Он имя прочёл на заросшей могиле —
На серой плите было имя его!
«И всё это мне за раскаянье плата!
Неуж-то я мало на свете страдал?
Вот имя, что проклято было когда-то.
Никто мертвеца здесь земле не предал!»

Теперь-то он знал, как, пройдя сквозь горнила
И сонм долгих лет, время быстро идёт.
Давно все прогнили столбы и стропила,
И в зарослях диких стоит дымоход.
Он видел вокруг, как посеяло время
Лишь буйный сорняк да кустарник с вьюнком.
На бывший очаг было брошено семя
И горный утеснк разросся на нём.

Он думал теперь о пути невозвратном,
Когда опозорил отца своего.
Он грабил эскорты, он был конокрадом,
Он был осуждён, мир тюрьмой был его.
«О, Боже! Неуж-то прощенья мне нету?» —
Он плакал навзрыд, он хрипел и стонал.
На буйный сорняк он упал, будто в Лету,
Что был раньше садом, и долго рыдал.

Но горе не вечно; он выплакал горе.
Он веки закрыл; свет в округе потух.
И дом, и друзья, что утратил он, вскоре
К нему возвратились, когда спал пастух.
Он утром проснулся, и боль, что вначале
Терзала его, перестала терзать.
И, смело неся свою ношу печали,
Отправился вновь он по свету блуждать.
--
Некоторые комментарии

Крик (англ. creek) — периодически пересыхающая река, не имеющая постоянного течения и русла. Существует только в период дождей и полностью исчезает на большую часть года. Термин «крик» употребляется главным образом в Австралии.

Скрэб — заросли низкорослых (1-2 м) вечнозеленых кустарников, распространенных в степях и полупустынях Австралии.
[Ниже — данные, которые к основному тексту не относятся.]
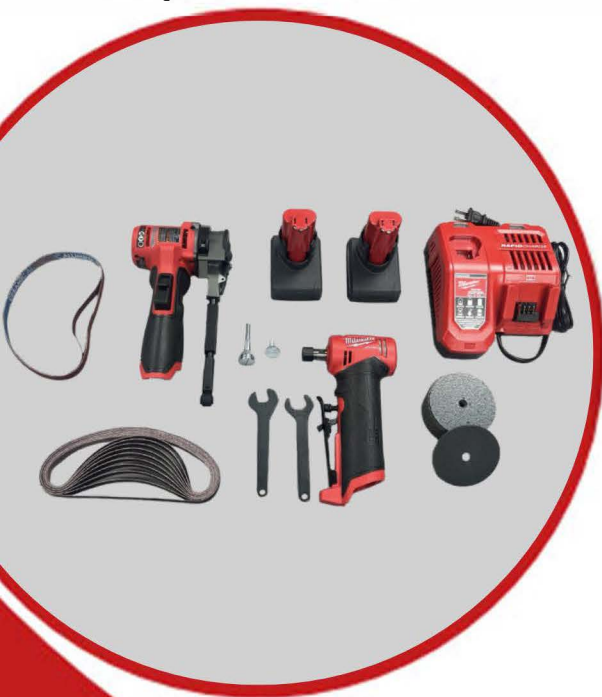
EWTK-001 Shop Power Tool Kit
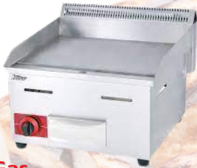
Gas Griddle 718
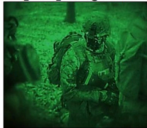
Student Officers conduct a combat patrol at PEX.
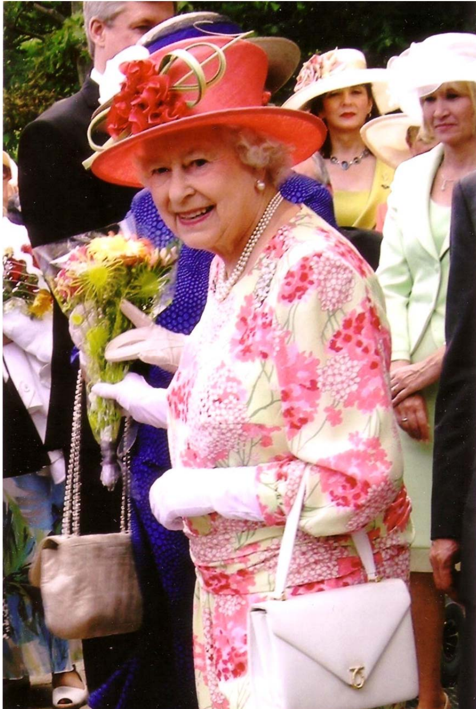
FRED LESLIE'S PHOTOGRAPH OF HER MAJESTY, QUEEN ELIZABETH II IN TORONTO
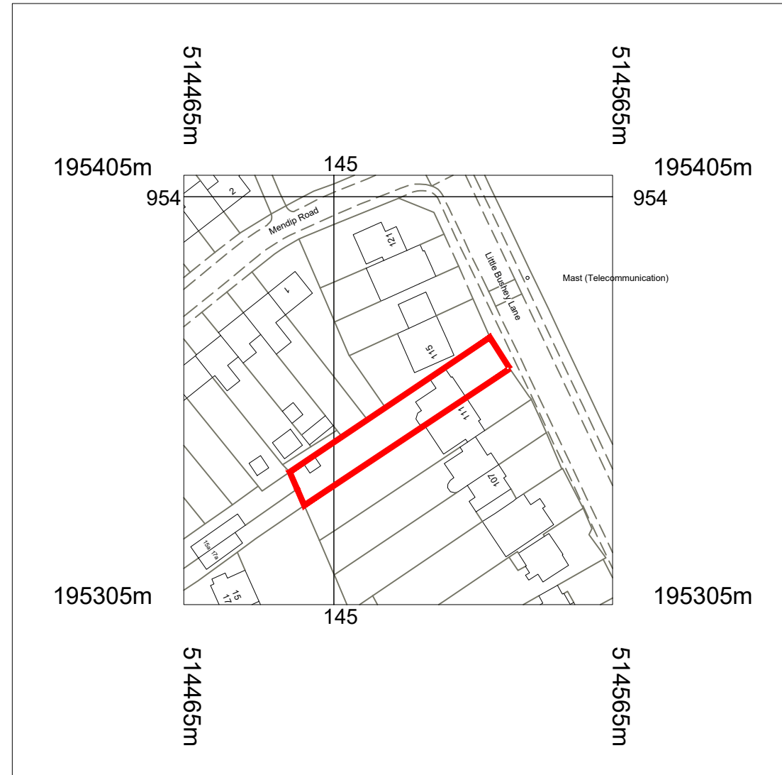
2 LOCATION PLAN - EXISTING Scale: 1:1250
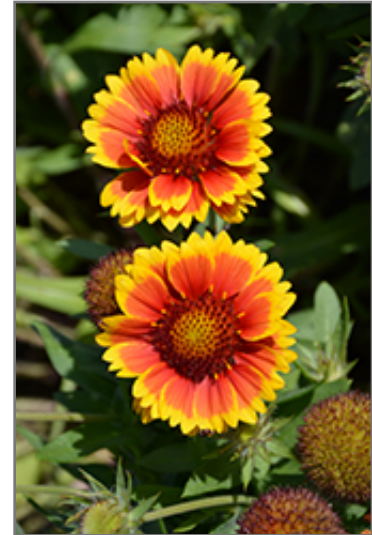
Arizona Sun Blanket Flower flowers

Arizona Sun Blanket Flower is recommended for the following landscape applications;
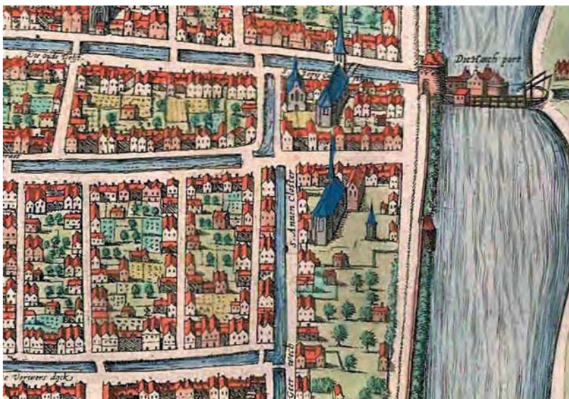
▲ Figure 1: Bird's-eye view of a part of Delft, The Netherlands, drawn in 1580.

megapolis increases traffic, housing, utility density and the risk of calamities, and puts a strain on scarce resources. As a result, the economic, social and environmental impacts are tremendous. Added to this, nearly one billion people live in cities which may be hit by floods, droughts, cyclones, earthquakes or other natural disasters. Humans, power, water, gas, wastewater, bits and bytes – they all are transported through a labyrinth of roads, tunnels, pipes and cables. Flood, fire or other shocks can disrupt these arteries and veins of the city. To cope with these threats and optimise the use of scarce resources, many city authorities want to exploit the opportunities offered by today's technology; they want their city to become 'smart'.

Буш — типичное для некоторых районов Австралии обширное пространство, поросшее кустарником или низкорослыми деревьями.
--

Old Stone Chimney
by Henry Lawson   

The rising moon on the peaks was blending
Her silver light with the sunset glow,
When a swagman came as the day was ending
Along a path that he seemed to know.
But all the fences were gone or going—
The hand of ruin was everywhere;
The creek unchecked in its course was flowing,
For none of the old clay dam was there.

Here Time had been with his swiftest changes,
And husbandry had westward flown;
The cattle tracks in the rugged ranges
Were long ago with the scrub o’ergrown.
It must have needed long years to soften
The road, that as hard as rock had been;
The mountain path he had trod so often
Lay hidden now with a carpet green.

He thought at times from the mountain courses
He heard the sound of a bullock bell,
The distant gallop of stockmen’s horses,
The stockwhip’s crack that he knew so well:
But these were sounds of his memory only,
And they were gone from the flat and hill,
For when he listened the place was lonely,
The range was dumb and the bush was still.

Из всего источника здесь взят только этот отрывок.